Support Questions
Find answers, ask questions, and share your expertise

How to include spark packages from nifi when executing through livy

New Contributor

Hi, I am executing a nifi processor ExecuteSparkInteractive and I want to read an avro file.

NiFi =Version 1.5.0.3.1.2.0-7 single node standalone install

Spark = Version 2.3.0

Livy is whatever comes on HDP 2.6.5 (not showing up on version list)

Flow is [do light work]>[write to hdfs]>[call spark & do heavy work]

Used this to get started https://community.hortonworks.com/articles/171787/hdf-31-executing-apache-spark-via-executesparkinte... (thanks @Timothy Spann awesome post).

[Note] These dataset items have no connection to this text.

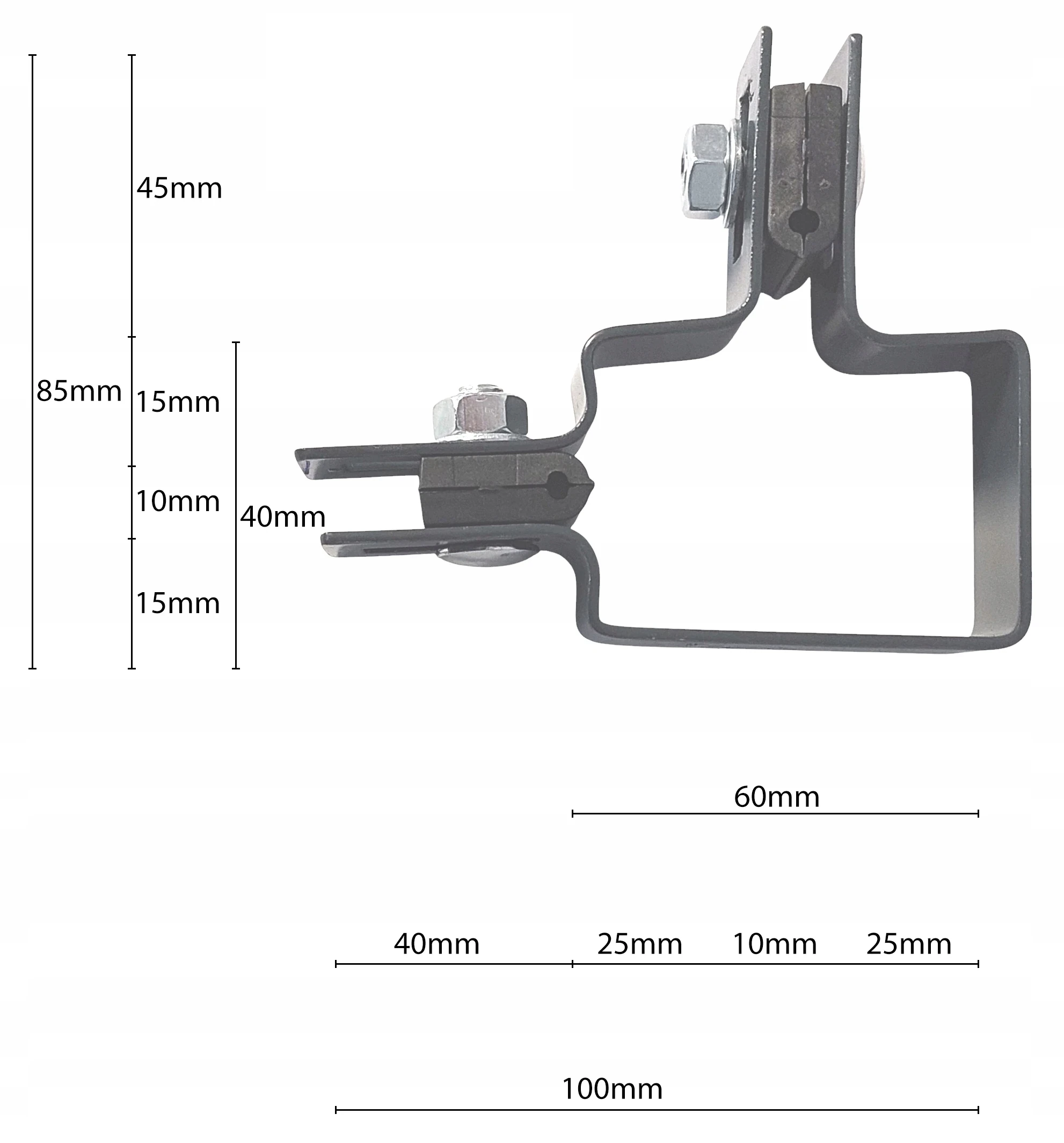 Compatible avec les poteaux de section 40x60 mm. Fabriqué en acier galvanisé, résistant à la corrosion et aux conditions atmosphériques.
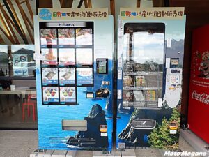 『道の駅たのはた 思惟の風』は、岩手県下閉伊郡田野畑村にあるR45に面した道の駅で、三陸自動車道・田野畑南ICから北へ5分の場所とアクセスは抜群。以前は思惟大橋のたもとにあったが、現在の場所に移転。2021年4月にリニューアルオープンした。建物は新築され、広くきれいな建物に。お手洗いもピカピカだ。駐車場にはバイク用のスペースも用意されている。小型車駐車場の一角には望遠鏡が設置されているので、興味があれば覗いてみても。
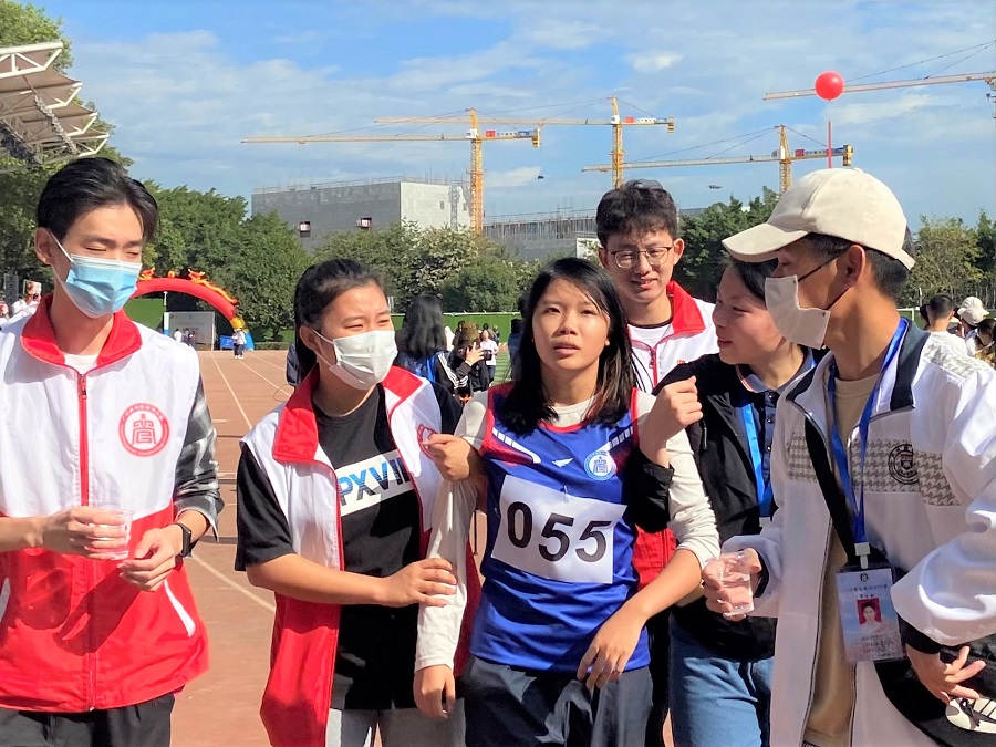教职工党员、学生党员在党员服务点积极协助校运会工作,在自己参加比赛之余,仍不忘坚守在各自的岗位上,确保校运会的有序开展。服务点配备医疗箱,外伤应急药品,为运动员们提供最及时有效的医疗保障。比赛前贴心提醒运动员注意热身运动,比赛时热情为我院参赛选手呐喊加油,比赛后及时关注运动员的身体状况,终点处一对一接护,为运动员贴心递上了纸巾和水,搀扶身体不适的运动员前往服务点休息。党员服务队的每一位同志,都在尽自己所能,为健儿们加油鼓劲,并做好后勤服务保障工作。那一抹红色也成为了运动场上一道靓丽的风景线,充分发挥了党员同志们的先锋模范带头作用,为低年级的同学们树立了榜样。

The code works fine when file written is in json and reading a json file using the json reader.

When I try to write the same data in avro format, the spark can't find the libraries.

org.apache.spark.sql.AnalysisException: Failed to find data source: avro.

I grabbed the databricks jar: com.databricks:spark-avro_2.11:4.0.0 (the same version I use in the --packages with spark-submit when testing the spark code)

and put it into a directory where nifi can get it and set the property on my LivySessionController

Session JARs > /opt/spark/jars/spark-avro_2.11-4.0.0.jar

this code works:

val records:Dataset[Row] = spark.read.json("/user/somedeveloper/stage/data.json")

this code doesn't

val records:Dataset[Row] = spark.read.format("avro").load("/user/somedeveloper/stage/data.avro")

Running out of ideas, and json is too big and slow when I am running at full scale.

1 REPLY 1

New Contributor

Hi @Eric Richardson, you can help me to configure correctly the ExecuteSparkInteractive and LivySessionController?

I use the same post but does not work.